#### Provided material

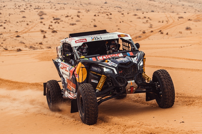 Afectados por la situación, pero tranquilos con su gesto humano y heroico, los chilenos siguen su ataque en la octava jornada del rally entre Sakaka y Neom.
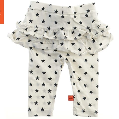 Bukserne har et gråt mønster med stropper ved anklerne. Der er stjerneformede detaljer på bagbenene og elastik i taljen for bedre pasform.
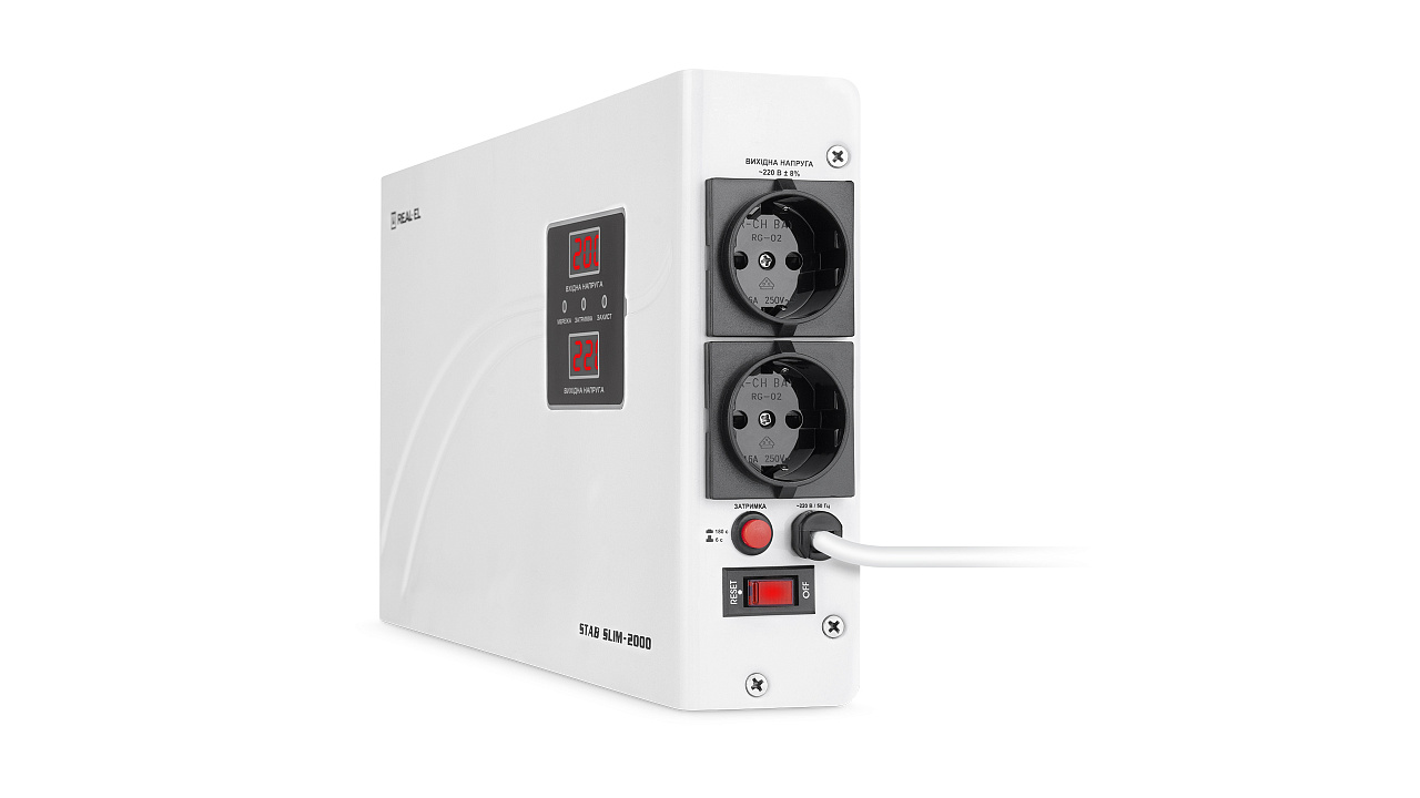 REAL-EL STAB SLIM-2000 voltage stabilizer is designed to provide quality and stable power supply to various consumers, protecting consumer devices from unacceptable voltage deviations, high-frequency, and impulse interference.
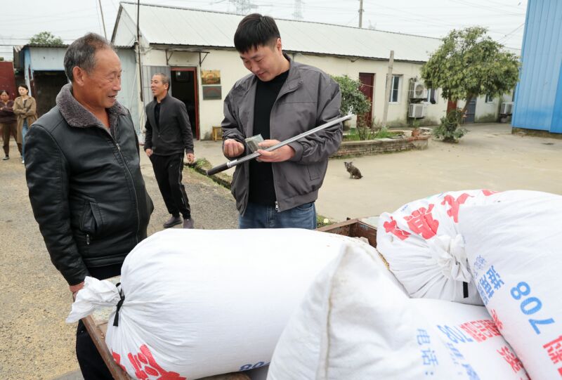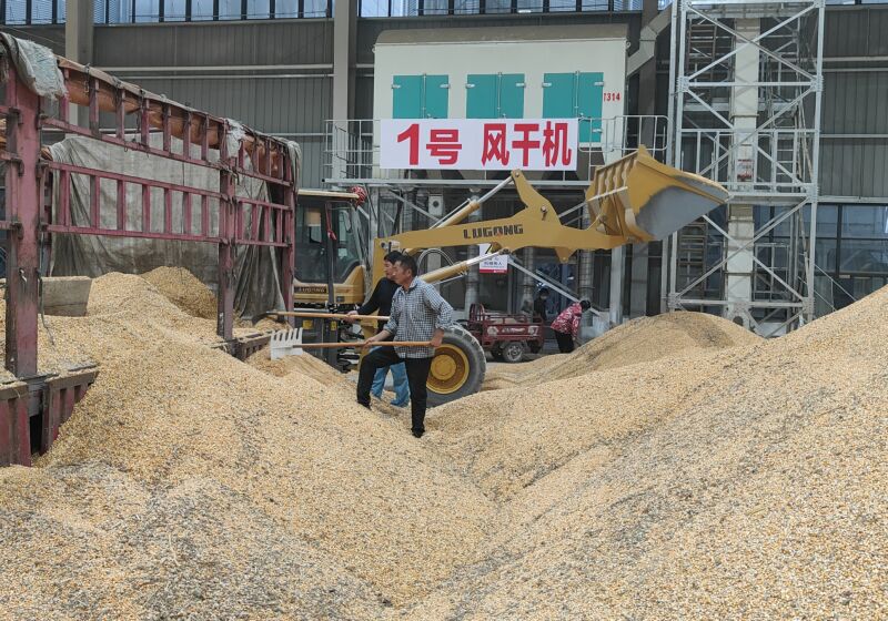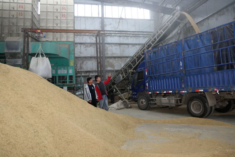 10月13日,淮南市永超工貿(mào)公司對(duì)附近農(nóng)戶的秋糧進(jìn)行及時(shí)收購。 (記者 張越 攝)

########

**Exercise goal:** The whole listing above, line by line, needs to be copied exactly, except for any images.

**Exercise response:**
 Afectados por la situación, pero tranquilos con su gesto humano y heroico, los chilenos siguen su ataque en la octava jornada del rally entre Sakaka y Neom.
 Bukserne har et gråt mønster med stropper ved anklerne. Der er stjerneformede detaljer på bagbenene og elastik i taljen for bedre pasform.
 REAL-EL STAB SLIM-2000 voltage stabilizer is designed to provide quality and stable power supply to various consumers, protecting consumer devices from unacceptable voltage deviations, high-frequency, and impulse interference.
 10月13日,淮南市永超工貿(mào)公司對(duì)附近農(nóng)戶的秋糧進(jìn)行及時(shí)收購。 (記者 張越 攝)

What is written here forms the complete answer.